Abstract
Rationale:
Coronary artery ectasia (CAE), characterized by diffuse dilation, can be associated with total thrombotic occlusion, leading to acute coronary syndrome. In such cases, distal vessel morphology can be highly unpredictable, potentially causing confusion during percutaneous coronary intervention (PCI).
Patient concerns:
A 47-year-old man presented with sudden chest pain. Acute coronary syndrome was suspected based on symptom and elevated troponin I levels.
Diagnoses:
Coronary angiography revealed diffuse CAE and total occlusion of mid-left circumflex artery.
Interventions:
Due to the large thrombus, aspiration thrombectomy, intracoronary abciximab, and repeated balloon angioplasty were performed. After these procedures, there was absence of flow beyond the lesion, and huge extravasation around the vessel, resembling a coronary artery perforation. Considering various factors, we concluded it was not a perforation and subsequently performed intravascular ultrasound-guided PCI on the ectatic culprit vessel. After successful PCI, he was discharged on aspirin and clopidogrel. Due to heartburn, dual antiplatelet therapy was de-escalated to clopidogrel monotherapy after 6 months.
Outcomes:
During the follow-up, he remained stable, and a 9-month coronary angiography confirmed patent stent without lesion progression.
Lessons:
Stagnant flow in dilated vessels can cause local dye deposition, which may resemble procedure-induced perforation or dissection, necessitating heightened caution during PCI. Intravascular ultrasound is valuable for accurate assessment of lesions in CAE. Thrombectomy and glycoprotein IIb/IIIa inhibitors would be considered to manage high thrombus burden.
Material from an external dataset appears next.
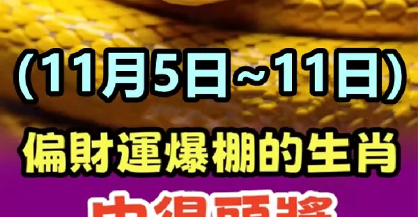 11月4.5.6日:五大生肖 偏財爆棚,喜中大獎!

Due to its diverse clinical presentations, CAE requires an individualized strategy, and can also be treated with simple PCI followed by dual antiplatelet therapy.
Keywords: acute coronary syndrome, case report, Coronary artery ectasia, coronary artery perforation, percutaneous coronary intervention, thrombectomy
1. Introduction
Coronary artery ectasia (CAE), characterized by diffuse dilation, can sometimes be associated with total thrombotic occlusion, resulting in acute coronary syndrome (ACS).[1] In such cases, distal vessel morphology can be highly unpredictable, posing challenges during interventional procedures. Clear guidelines or therapeutic strategies for such situations are currently lacking. In this report, we present a case of CAE presenting as ACS. It was initially misinterpreted as a procedure-induced coronary artery perforation, and for this reason, we aim to share our valuable experience with clinicians.
2. Case report
A 47-year-old man presented with sudden-onset chest pain and a history of hypertension and dyslipidemia. His blood pressure was 150/110 mm Hg, pulse rate was 68 bpm, with regular heart beat and unremarkable findings on examination. Chest X-ray showed no infiltrates or edema, and electrocardiogram revealed T-wave inversion in lead III without ST changes. The initial cardiac marker was normal, but follow-up testing after 1 hour showed an increase in high-sensitivity troponin I (5.2–19.4 pg/mL). Echocardiography revealed normal wall motion. However, persistent chest pain unresponsive to medications led to a diagnosis of non-ST elevation myocardial infarction, prompting coronary angiography (CAG).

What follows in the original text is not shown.